> _Recorded information_
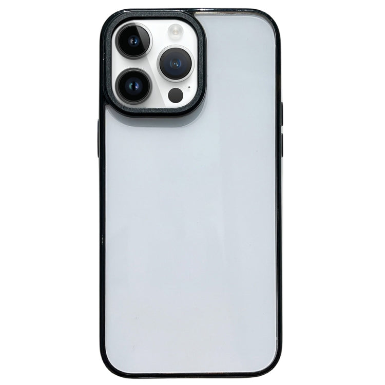 Caja de teléfono TPU para iPhone 14 Pro Max con pintura metálica chapada en cuadros curvos (Negro)
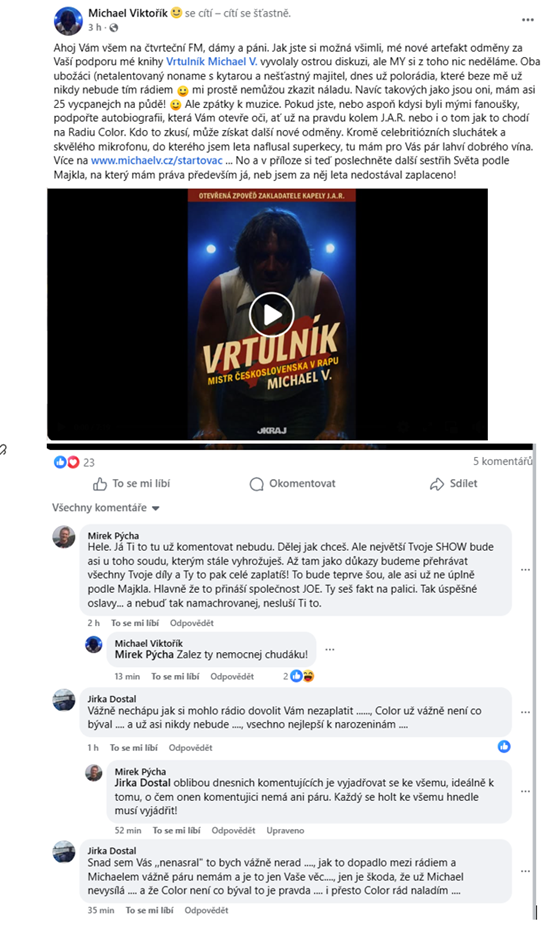 Z toho obrázku komunikace z Facebooku bych řekl, že se nerozešli (Majkl V. a COLOR rádio) úplně v dobrém. Nevím, kdo je „netalentovaný kytarista“. No každopádně, jsem si doteď myslel, že přerušení vysílání pořadu „Svět podle Majkla“ bylo způsobeno v pořadí druhou zmínkou v zápise RRTV, ale vypadá to i na nějaké finanční neshody. Víc to komentovat nebudu.
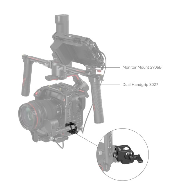 ASmallRig 15mm ARRI Locating Single Rod Clamp 4171 úgy van kialakítva, hogy egy ARRI 3/8''-16-os rögzítőcsavarral rögzíthető legyen a fogantyúhoz, ketrechez, lemezhez, és egy hüvelykujjas gombbal rögzítse a 15mm-es egyetlen rudat a követő fókusz, mikrofon, monitor stb. rögzítéséhez.
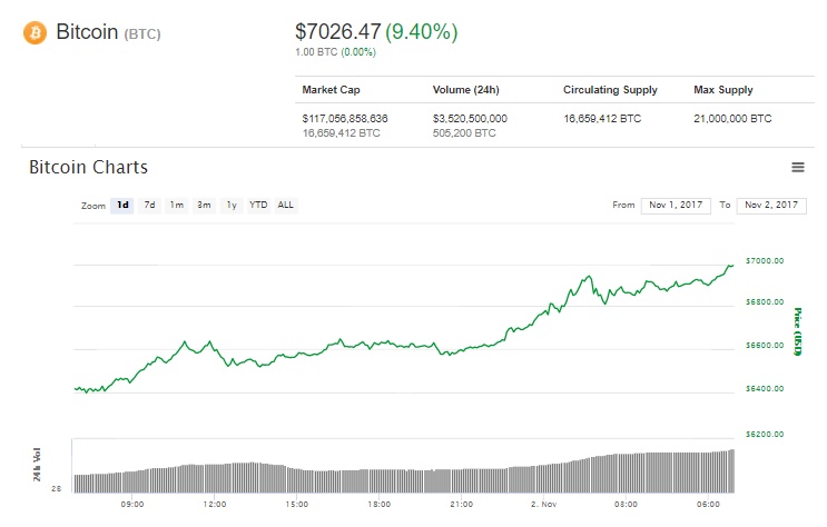 В течение торгов в четверг, 2 ноября, стоимость Bitcoin преодолела уровень $ 7000 и примерно в 9:05 установила новый исторический максимум в $ 7026,47, что на 9,4% выше уровня закрытия торгов предыдущего дня.
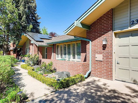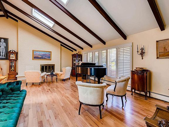 This sprawling Ranch-Style Home in desirable Frasier Meadows in South Boulder is an entertainer's delight with a large enclosed back patio that overlooks a private in-ground pool, perfect for summer fun! The spacious interior boasts generous living & dining rooms, vaulted ceilings with exposed wood beams, skylights, 2 fireplaces, family room/den with built-ins, a main floor study, wood floors & updated kitchen with butcher block island, stainless steel appliances, gas stove & double ovens. The finished basement offers a recreation room, bedroom, bathroom & galley kitchen; great for guests!
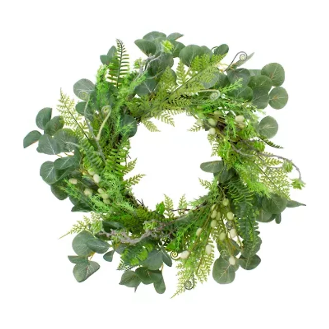 Nearly Natural 20in. Cedar; Antlers; Lily And Ruscus With Berries Artificial Wreath Wreath

> _Your task_
What is needed here is an exact copy of all the entries, without the pictures.

> _Exercise result_
 Caja de teléfono TPU para iPhone 14 Pro Max con pintura metálica chapada en cuadros curvos (Negro)
 Z toho obrázku komunikace z Facebooku bych řekl, že se nerozešli (Majkl V. a COLOR rádio) úplně v dobrém. Nevím, kdo je „netalentovaný kytarista“. No každopádně, jsem si doteď myslel, že přerušení vysílání pořadu „Svět podle Majkla“ bylo způsobeno v pořadí druhou zmínkou v zápise RRTV, ale vypadá to i na nějaké finanční neshody. Víc to komentovat nebudu.
 ASmallRig 15mm ARRI Locating Single Rod Clamp 4171 úgy van kialakítva, hogy egy ARRI 3/8''-16-os rögzítőcsavarral rögzíthető legyen a fogantyúhoz, ketrechez, lemezhez, és egy hüvelykujjas gombbal rögzítse a 15mm-es egyetlen rudat a követő fókusz, mikrofon, monitor stb. rögzítéséhez.
 В течение торгов в четверг, 2 ноября, стоимость Bitcoin преодолела уровень $ 7000 и примерно в 9:05 установила новый исторический максимум в $ 7026,47, что на 9,4% выше уровня закрытия торгов предыдущего дня.
 This sprawling Ranch-Style Home in desirable Frasier Meadows in South Boulder is an entertainer's delight with a large enclosed back patio that overlooks a private in-ground pool, perfect for summer fun! The spacious interior boasts generous living & dining rooms, vaulted ceilings with exposed wood beams, skylights, 2 fireplaces, family room/den with built-ins, a main floor study, wood floors & updated kitchen with butcher block island, stainless steel appliances, gas stove & double ovens. The finished basement offers a recreation room, bedroom, bathroom & galley kitchen; great for guests!
 Nearly Natural 20in. Cedar; Antlers; Lily And Ruscus With Berries Artificial Wreath Wreath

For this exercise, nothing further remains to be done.